** WORK REQUIRED **
A faithful transcription of all lines below is the expected answer.

** DATASET EXCERPT **
○ ○ ○ ○
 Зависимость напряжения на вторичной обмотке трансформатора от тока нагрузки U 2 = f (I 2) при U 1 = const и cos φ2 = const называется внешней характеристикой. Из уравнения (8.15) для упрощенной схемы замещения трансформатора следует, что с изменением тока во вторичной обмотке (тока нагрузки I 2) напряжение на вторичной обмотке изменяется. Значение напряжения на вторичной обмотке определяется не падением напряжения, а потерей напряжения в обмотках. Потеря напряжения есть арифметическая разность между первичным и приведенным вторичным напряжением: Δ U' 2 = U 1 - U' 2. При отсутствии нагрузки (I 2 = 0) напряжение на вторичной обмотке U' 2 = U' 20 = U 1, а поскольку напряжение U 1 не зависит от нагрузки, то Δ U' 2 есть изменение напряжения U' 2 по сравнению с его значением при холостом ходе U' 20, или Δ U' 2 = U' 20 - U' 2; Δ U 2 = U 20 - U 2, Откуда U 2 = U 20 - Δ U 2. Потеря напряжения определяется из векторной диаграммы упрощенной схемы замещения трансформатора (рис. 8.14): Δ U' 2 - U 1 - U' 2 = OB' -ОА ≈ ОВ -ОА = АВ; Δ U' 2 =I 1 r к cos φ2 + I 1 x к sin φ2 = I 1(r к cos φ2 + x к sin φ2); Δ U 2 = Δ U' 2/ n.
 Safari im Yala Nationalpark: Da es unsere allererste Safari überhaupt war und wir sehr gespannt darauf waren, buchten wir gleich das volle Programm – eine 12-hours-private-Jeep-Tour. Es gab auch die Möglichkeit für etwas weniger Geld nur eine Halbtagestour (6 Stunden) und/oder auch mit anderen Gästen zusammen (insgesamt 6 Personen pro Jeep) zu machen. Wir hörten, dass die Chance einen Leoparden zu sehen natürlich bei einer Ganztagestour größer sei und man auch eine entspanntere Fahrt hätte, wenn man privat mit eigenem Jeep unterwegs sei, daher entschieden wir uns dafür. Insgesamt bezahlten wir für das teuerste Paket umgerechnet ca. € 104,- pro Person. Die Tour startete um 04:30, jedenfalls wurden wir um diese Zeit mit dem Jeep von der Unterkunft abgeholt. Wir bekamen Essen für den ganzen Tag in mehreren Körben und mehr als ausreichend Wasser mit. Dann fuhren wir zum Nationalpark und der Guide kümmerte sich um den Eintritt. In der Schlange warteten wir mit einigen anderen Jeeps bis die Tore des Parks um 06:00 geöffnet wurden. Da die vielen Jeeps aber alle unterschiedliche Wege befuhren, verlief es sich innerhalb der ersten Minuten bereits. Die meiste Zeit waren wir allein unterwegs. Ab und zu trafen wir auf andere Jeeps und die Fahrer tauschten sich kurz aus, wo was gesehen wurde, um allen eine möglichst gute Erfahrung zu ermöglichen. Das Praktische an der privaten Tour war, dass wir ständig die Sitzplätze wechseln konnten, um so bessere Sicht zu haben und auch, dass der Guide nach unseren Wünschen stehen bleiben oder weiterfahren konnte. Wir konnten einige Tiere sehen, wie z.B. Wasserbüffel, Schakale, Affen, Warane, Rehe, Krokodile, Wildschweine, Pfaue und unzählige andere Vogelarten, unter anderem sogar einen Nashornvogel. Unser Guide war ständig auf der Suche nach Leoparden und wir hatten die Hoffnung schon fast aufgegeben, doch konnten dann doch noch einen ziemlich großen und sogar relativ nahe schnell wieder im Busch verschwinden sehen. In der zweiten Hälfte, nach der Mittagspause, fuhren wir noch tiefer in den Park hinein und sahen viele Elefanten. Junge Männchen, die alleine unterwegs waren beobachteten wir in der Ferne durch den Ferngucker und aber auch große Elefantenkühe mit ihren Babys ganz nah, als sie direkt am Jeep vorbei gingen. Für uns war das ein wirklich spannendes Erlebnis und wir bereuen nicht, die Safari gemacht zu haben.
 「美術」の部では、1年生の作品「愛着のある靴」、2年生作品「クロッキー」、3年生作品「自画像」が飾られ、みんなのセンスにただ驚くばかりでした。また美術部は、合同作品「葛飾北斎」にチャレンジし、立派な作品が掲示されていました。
○ ○ ○ ○
** RESULT **
 Зависимость напряжения на вторичной обмотке трансформатора от тока нагрузки U 2 = f (I 2) при U 1 = const и cos φ2 = const называется внешней характеристикой. Из уравнения (8.15) для упрощенной схемы замещения трансформатора следует, что с изменением тока во вторичной обмотке (тока нагрузки I 2) напряжение на вторичной обмотке изменяется. Значение напряжения на вторичной обмотке определяется не падением напряжения, а потерей напряжения в обмотках. Потеря напряжения есть арифметическая разность между первичным и приведенным вторичным напряжением: Δ U' 2 = U 1 - U' 2. При отсутствии нагрузки (I 2 = 0) напряжение на вторичной обмотке U' 2 = U' 20 = U 1, а поскольку напряжение U 1 не зависит от нагрузки, то Δ U' 2 есть изменение напряжения U' 2 по сравнению с его значением при холостом ходе U' 20, или Δ U' 2 = U' 20 - U' 2; Δ U 2 = U 20 - U 2, Откуда U 2 = U 20 - Δ U 2. Потеря напряжения определяется из векторной диаграммы упрощенной схемы замещения трансформатора (рис. 8.14): Δ U' 2 - U 1 - U' 2 = OB' -ОА ≈ ОВ -ОА = АВ; Δ U' 2 =I 1 r к cos φ2 + I 1 x к sin φ2 = I 1(r к cos φ2 + x к sin φ2); Δ U 2 = Δ U' 2/ n.
 Safari im Yala Nationalpark: Da es unsere allererste Safari überhaupt war und wir sehr gespannt darauf waren, buchten wir gleich das volle Programm – eine 12-hours-private-Jeep-Tour. Es gab auch die Möglichkeit für etwas weniger Geld nur eine Halbtagestour (6 Stunden) und/oder auch mit anderen Gästen zusammen (insgesamt 6 Personen pro Jeep) zu machen. Wir hörten, dass die Chance einen Leoparden zu sehen natürlich bei einer Ganztagestour größer sei und man auch eine entspanntere Fahrt hätte, wenn man privat mit eigenem Jeep unterwegs sei, daher entschieden wir uns dafür. Insgesamt bezahlten wir für das teuerste Paket umgerechnet ca. € 104,- pro Person. Die Tour startete um 04:30, jedenfalls wurden wir um diese Zeit mit dem Jeep von der Unterkunft abgeholt. Wir bekamen Essen für den ganzen Tag in mehreren Körben und mehr als ausreichend Wasser mit. Dann fuhren wir zum Nationalpark und der Guide kümmerte sich um den Eintritt. In der Schlange warteten wir mit einigen anderen Jeeps bis die Tore des Parks um 06:00 geöffnet wurden. Da die vielen Jeeps aber alle unterschiedliche Wege befuhren, verlief es sich innerhalb der ersten Minuten bereits. Die meiste Zeit waren wir allein unterwegs. Ab und zu trafen wir auf andere Jeeps und die Fahrer tauschten sich kurz aus, wo was gesehen wurde, um allen eine möglichst gute Erfahrung zu ermöglichen. Das Praktische an der privaten Tour war, dass wir ständig die Sitzplätze wechseln konnten, um so bessere Sicht zu haben und auch, dass der Guide nach unseren Wünschen stehen bleiben oder weiterfahren konnte. Wir konnten einige Tiere sehen, wie z.B. Wasserbüffel, Schakale, Affen, Warane, Rehe, Krokodile, Wildschweine, Pfaue und unzählige andere Vogelarten, unter anderem sogar einen Nashornvogel. Unser Guide war ständig auf der Suche nach Leoparden und wir hatten die Hoffnung schon fast aufgegeben, doch konnten dann doch noch einen ziemlich großen und sogar relativ nahe schnell wieder im Busch verschwinden sehen. In der zweiten Hälfte, nach der Mittagspause, fuhren wir noch tiefer in den Park hinein und sahen viele Elefanten. Junge Männchen, die alleine unterwegs waren beobachteten wir in der Ferne durch den Ferngucker und aber auch große Elefantenkühe mit ihren Babys ganz nah, als sie direkt am Jeep vorbei gingen. Für uns war das ein wirklich spannendes Erlebnis und wir bereuen nicht, die Safari gemacht zu haben.
 「美術」の部では、1年生の作品「愛着のある靴」、2年生作品「クロッキー」、3年生作品「自画像」が飾られ、みんなのセンスにただ驚くばかりでした。また美術部は、合同作品「葛飾北斎」にチャレンジし、立派な作品が掲示されていました。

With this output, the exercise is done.